*GIVEN RECORDS*.

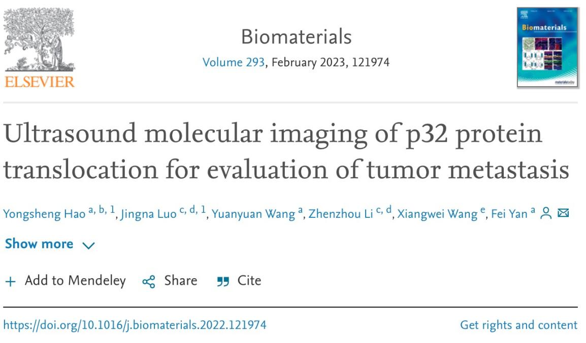受这一现象的启发,中国科研实验室深圳先进技术研究院合成生物学研究所严飞研究员团队推测p32蛋白可能经历了从线粒体到质膜的易位,且这种易位对肿瘤生长、侵袭和转移产生了重要的促进作用。相关成果以“Ultrasound molecular imaging of p32 protein trans for evaluation of tumor metastasis”为题在线发表于生物材料领域知名期刊Biomaterials。该工作给予了一种实现p32蛋白易位的超声分子成像并以此评估肿瘤转移的新方法。
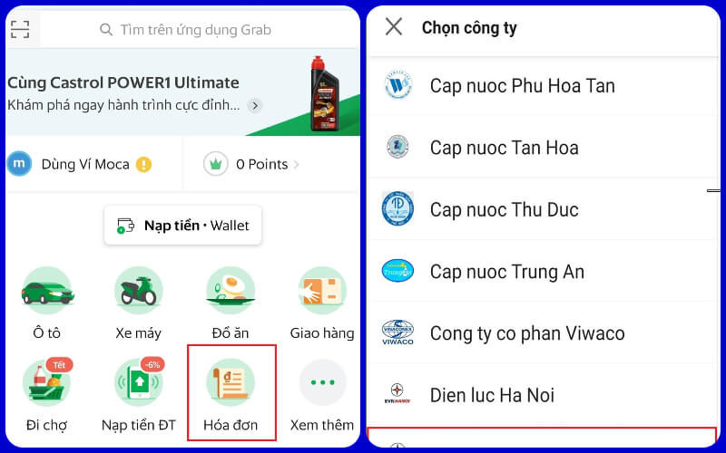 Bước 1: Đăng nhập vào ứng dụng Grab > Vào mục Hóa Đơn > Chọn Công ty cung cấp.
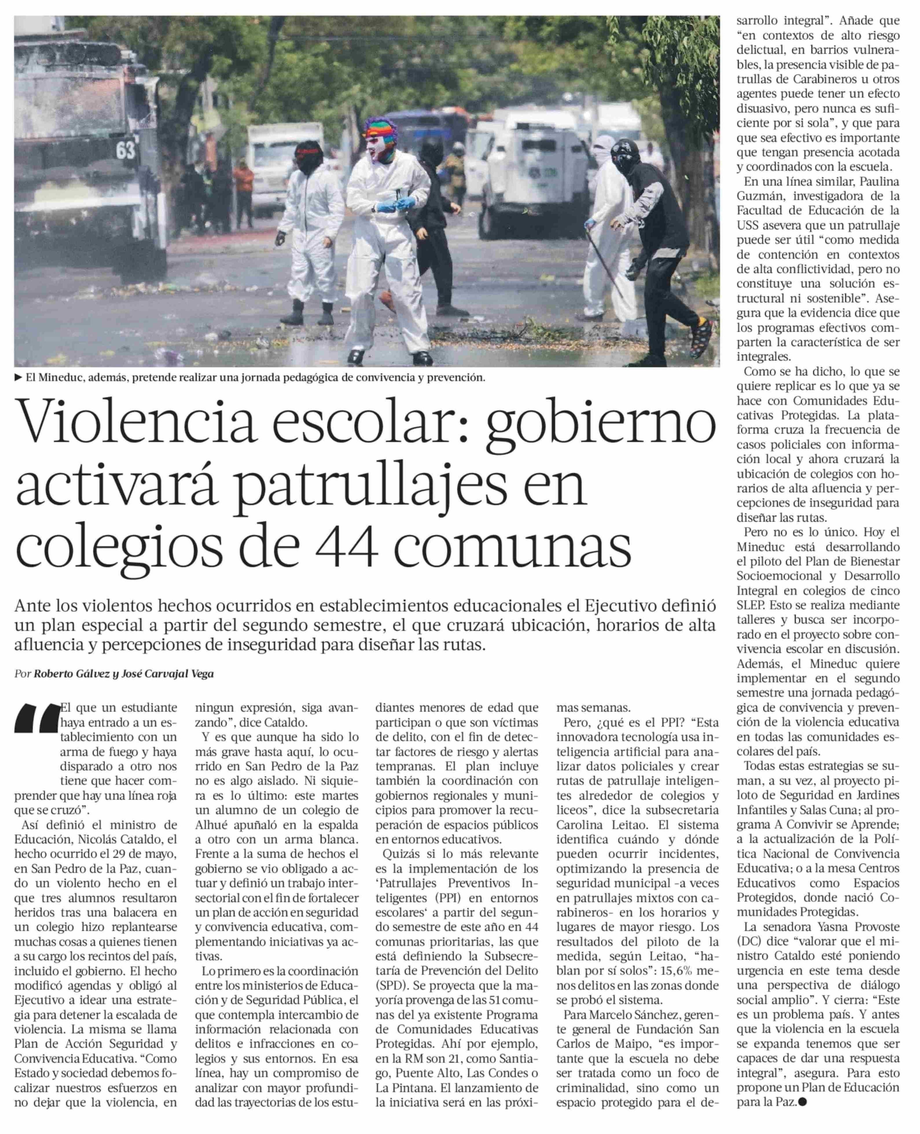 Violencia escolar: gobierno activará patrullajes en colegios de 44 comunas 21-06-2025 La Tercera |
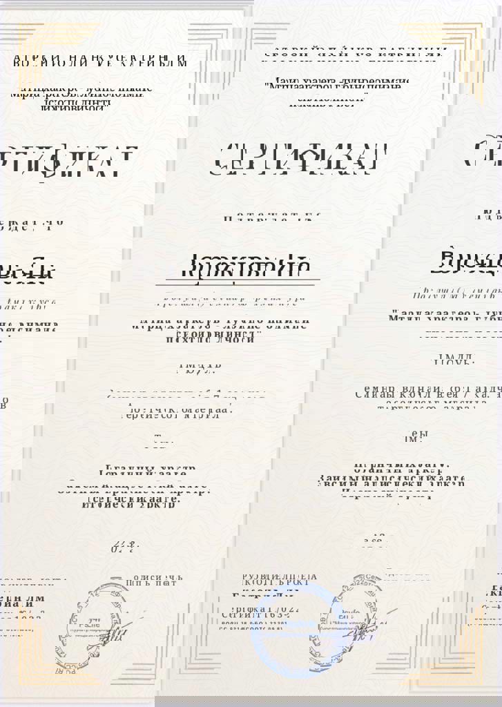 Сертифікати:
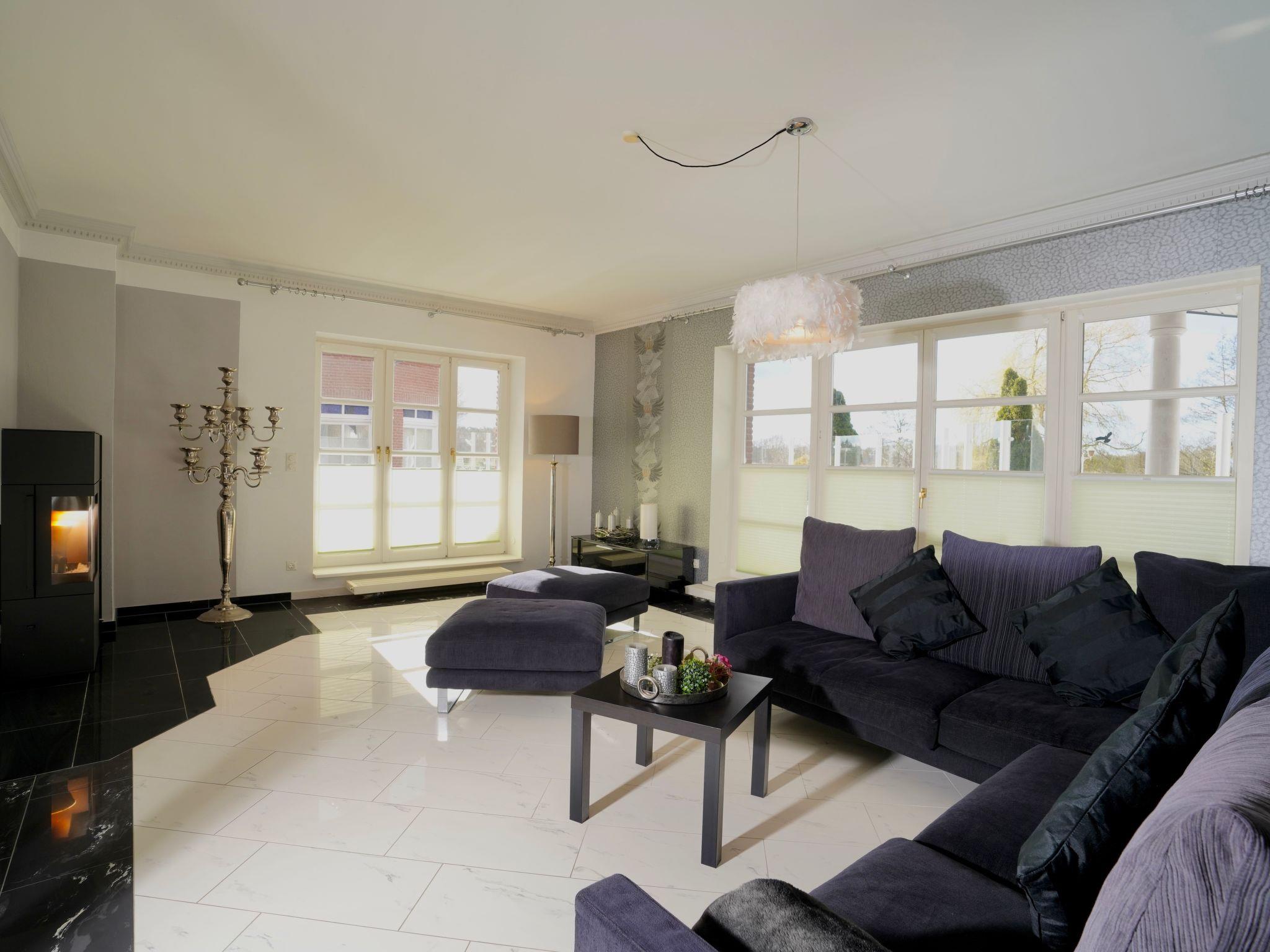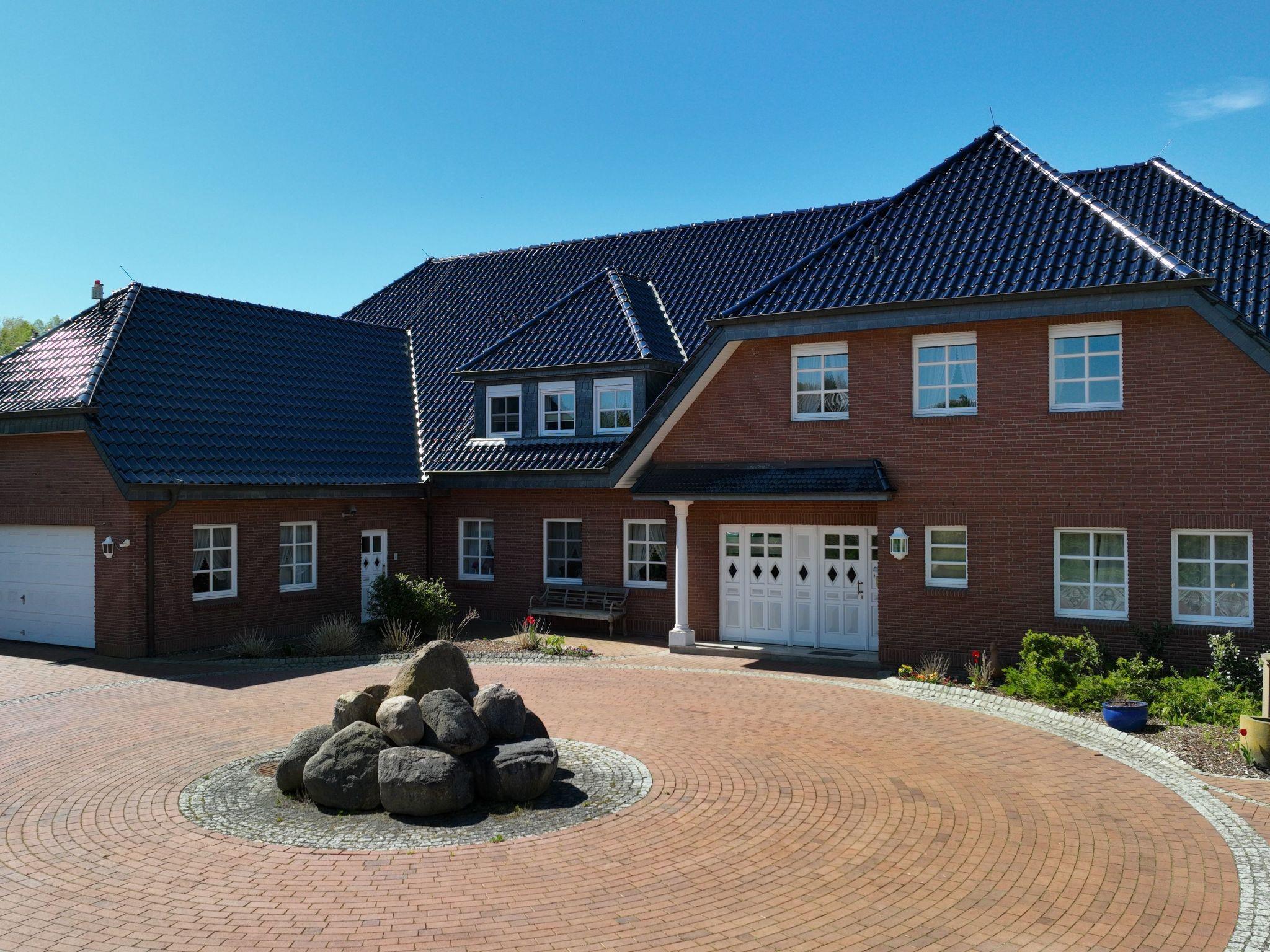 The villa has a private swimming pool, sauna and wellness area and is located in the centre of the famous Sternberg lake district in Rühn, near the town of Bützow. Many lakes, avenues, healthy nature. The 570 m² villa with 4500 m² garden is located on the Warnow. You use a tastefully furnished living room with fireplace and large flat screen TV, the dining room with large table and garden view, a fireplace room with library, a large and modern kitchen, five bedrooms including one on the ground floor (4 upstairs / two with large loggia), 4 bathrooms and a guest toilet, as well as a spacious terrace with plenty of garden furniture, of course, there is also W -Lan and Internet. There is a washing machine and tumble dryer in the utility room.

*YOUR OBJECTIVE*.
Every record must be returned exactly. Leave its pictures out.

*EXPECTED ANSWER*.
受这一现象的启发,中国科研实验室深圳先进技术研究院合成生物学研究所严飞研究员团队推测p32蛋白可能经历了从线粒体到质膜的易位,且这种易位对肿瘤生长、侵袭和转移产生了重要的促进作用。相关成果以“Ultrasound molecular imaging of p32 protein trans for evaluation of tumor metastasis”为题在线发表于生物材料领域知名期刊Biomaterials。该工作给予了一种实现p32蛋白易位的超声分子成像并以此评估肿瘤转移的新方法。
 Bước 1: Đăng nhập vào ứng dụng Grab > Vào mục Hóa Đơn > Chọn Công ty cung cấp.
 Violencia escolar: gobierno activará patrullajes en colegios de 44 comunas 21-06-2025 La Tercera |
 Сертифікати:
 The villa has a private swimming pool, sauna and wellness area and is located in the centre of the famous Sternberg lake district in Rühn, near the town of Bützow. Many lakes, avenues, healthy nature. The 570 m² villa with 4500 m² garden is located on the Warnow. You use a tastefully furnished living room with fireplace and large flat screen TV, the dining room with large table and garden view, a fireplace room with library, a large and modern kitchen, five bedrooms including one on the ground floor (4 upstairs / two with large loggia), 4 bathrooms and a guest toilet, as well as a spacious terrace with plenty of garden furniture, of course, there is also W -Lan and Internet. There is a washing machine and tumble dryer in the utility room.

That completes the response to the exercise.